15 . The igniter ( 20 ) of claim 1 wherein said shell gap ( 30 ) has a shell gap width (w s ) extending form said shell ( 36 ) to said insulator ( 32 ) and said shell gap width (w s ) is greatest at said shell lower end ( 92 ) and said filler material ( 40 ) is disposed in said shell gap ( 30 ) at said shell lower end ( 92 ).
16 . The igniter ( 20 ) of claim 1 wherein said shell ( 36 ) is spaced from said insulator ( 32 ) at said shell upper end ( 44 ) to present said shell gap ( 30 ) and said filler material ( 40 ) includes a resin molded around said shell gap ( 30 ).

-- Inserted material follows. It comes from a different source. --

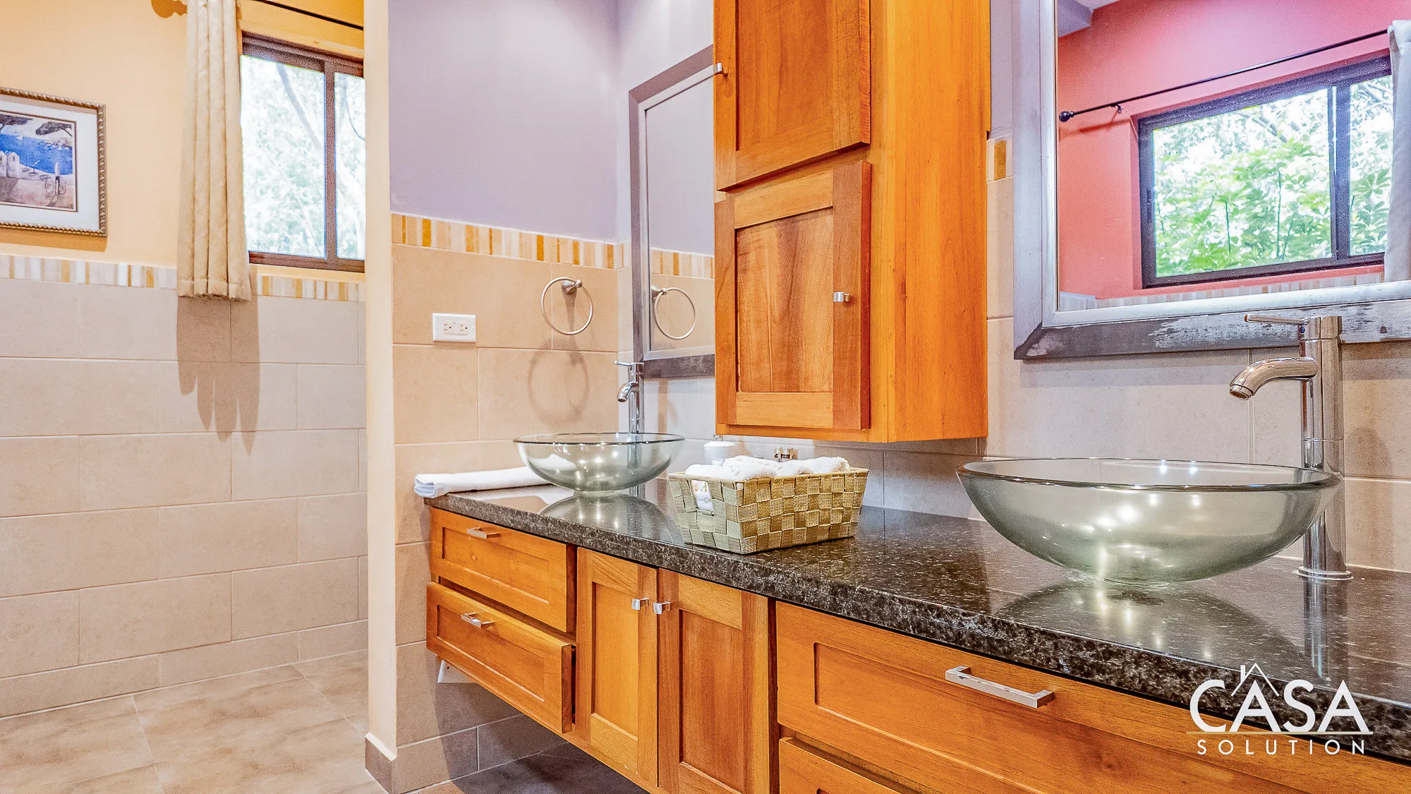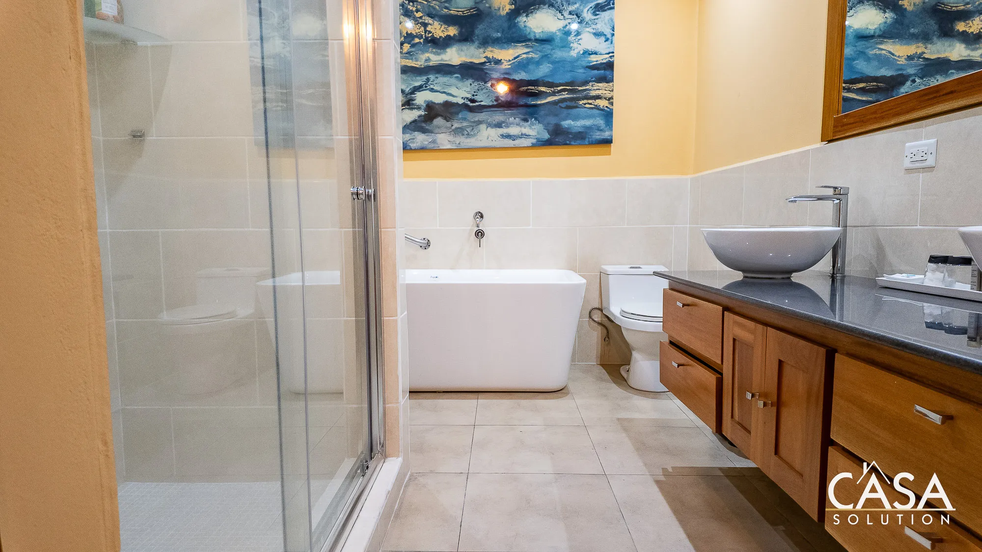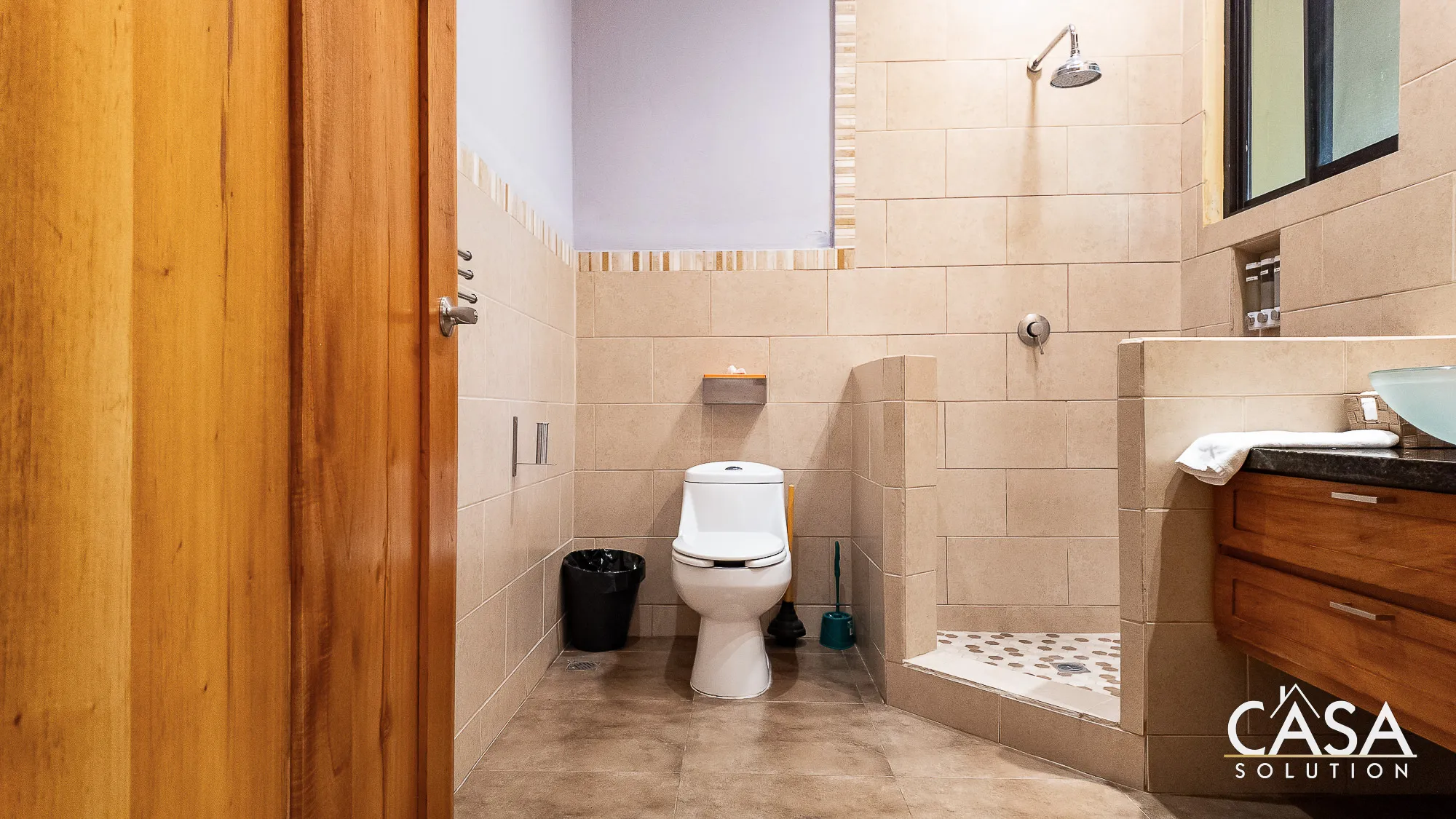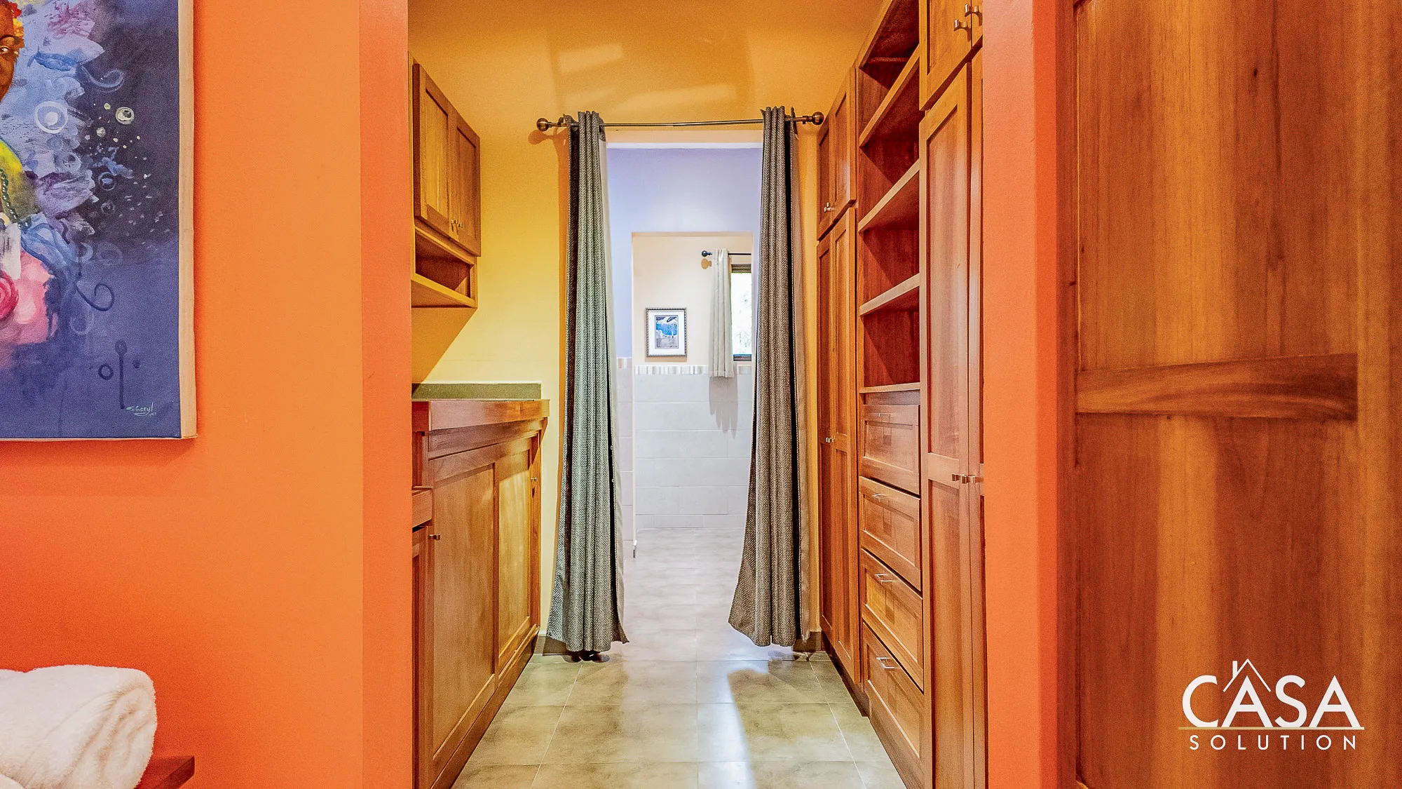 This level also holds three of the villa’s private suites. The Geisha suite stands out for its private terrace, walk-in closet, and a spacious full bathroom with double sinks, a bathtub, and separate shower. The Catuai suite includes a standard closet and a full private bathroom, while the Caturra suite offers its own ensuite bath and closet as well, maintaining the consistent privacy that defines the home’s overall design.

17 . A corona ignition system for providing a radio frequency electric field to ionize a portion of a fuel-air mixture and provide a corona discharge ( 24 ) in a combustion chamber ( 26 ) of an internal combustion engine, comprising:
a cylinder block ( 46 ) and a cylinder head ( 48 ) and a piston ( 50 ) providing a combustion chamber ( 26 ) therebetween, a mixture of fuel and air provided in said combustion chamber ( 26 ), an igniter ( 20 ) disposed in said cylinder head ( 48 ) and extending transversely into said combustion chamber ( 26 ) for receiving a high radio frequency voltage and emitting a radio frequency electric field to ionize a portion of the fuel-air mixture and form said corona discharge ( 24 ), said igniter ( 20 ) including a central electrode ( 22 ) formed of an electrically conductive material for receiving a high radio frequency voltage and emitting a radio frequency electric field to ionize a fuel-air mixture and provide said corona discharge ( 24 ), said central electrode ( 22 ) extending from an electrode terminal end ( 52 ) receiving the high radio frequency voltage to an electrode firing end ( 54 ) emitting the radio frequency electric filed, an insulator ( 32 ) formed of an electrically insulating material disposed around said central electrode ( 22 ) and extending longitudinally from an insulator upper end ( 60 ) past said electrode terminal end ( 52 ) to an insulator nose end ( 62 ), said insulator ( 32 ) being spaced from said central electrode ( 22 ) at said insulator nose end ( 62 ) to provide an electrode gap ( 28 ) therebetween, a shell ( 36 ) formed of an electrically conductive metal material disposed around said insulator ( 32 ) and extending longitudinally from a shell upper end ( 44 ) to a shell lower end ( 92 ), said shell ( 36 ) being spaced from said insulator ( 32 ) along at least one of said shell ends ( 44 , 92 ) to provide a shell gap ( 30 ) therebetween, a filler material ( 40 ) extending continuously across at least one of said gaps ( 28 , 30 ) for preventing corona discharge ( 24 ) in said gap ( 28 , 30 ).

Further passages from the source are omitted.